Our position must be very careful, so that out of an abundance of caution, and trying to do good, we don't do bad as well. We should insist that the people must speak for themselves, the people must be free, the people must create their own governments, and so on and so on, about now. This is the subject that I would like to discuss with you, because you are for the authority, but not in this resolution. That is no cause for alarm here.

Mr. BINGHAM. But when you say that these people with whom you have spoken indicate they have to make certain noises in opposition, doesn't that suggest to you that they make those noises because the public in the Latin American countries feels very aggrieved about the continuing position of the United States in the Panama Canal Zone? Mr. FLOOD. No, oh, no.

Mr. BINGHAM. It does to me, frankly.

Mr. FLOOD. Well, it doesn't to me, frankly.

Mr. BINGHAM. What did you mean, then, that they had to make certain noises about?

Mr. FLOOD. It means they must make certain noises because they are aware that their people are aggrieved about certain things. But in Brazil, in Argentina, in Peru, in Paraguay, the last thing in the world that they are thinking of is the Panama Canal. They couldn't care less.

Mr.

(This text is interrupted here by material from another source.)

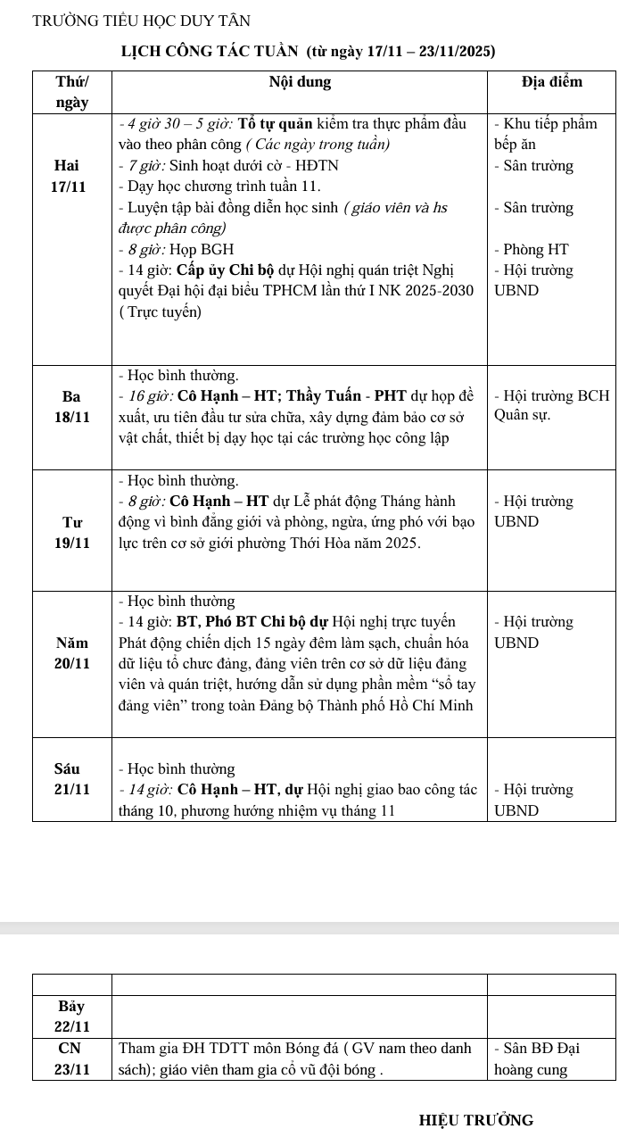 LỊCH CÔNG TÁC TUẦN 11 TỪ 17 - 23/11/2025

BINGHAM. I am puzzled by your statement-and perhaps you went into this before-that the surrender by the United States of the Canal Zone and Canal would inevitably result in a Communist takeover of Panama, as occurred in Cuba, which would include the canal itself.

Mr. FLOOD. We developed this at some length before you were here. Mr. BINGHAM. Well, then, I am sorry. I don't want to pursue it, if it has been covered.

Mr. FLOOD. Well, perhaps

Mr. BINGHAM. No, I don't want to duplicate anything.

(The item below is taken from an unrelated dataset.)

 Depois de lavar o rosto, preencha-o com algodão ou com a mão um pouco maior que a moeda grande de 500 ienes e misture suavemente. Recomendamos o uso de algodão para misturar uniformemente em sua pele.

Mr. FLOOD. I understand. We can go over it.

Mr. FASCELL. We are going to have to go to the floor of the House and vote.

Are there any other questions?

If not, I want to thank you, Mr. Flood. We appreciate your coming here, making your statement, answering all of our questions, and helping this subcommittee in its study of the question of the security of the Caribbean and the Panama Canal.

Mr. FLOOD. Thank you. I am glad you permitted me or asked me to come. And I urge that I be invited again, because, frankly, I smell something in the offing.

Mr. FASCELL. Without objection, the record of the hearings will remain open for the acceptance of additional statements from our colleagues in the House.

The subcommittee stands adjourned.

(Whereupon, at 4:15 p.m. the subcommittee adjourned, to reconvene at the call of the Chair.)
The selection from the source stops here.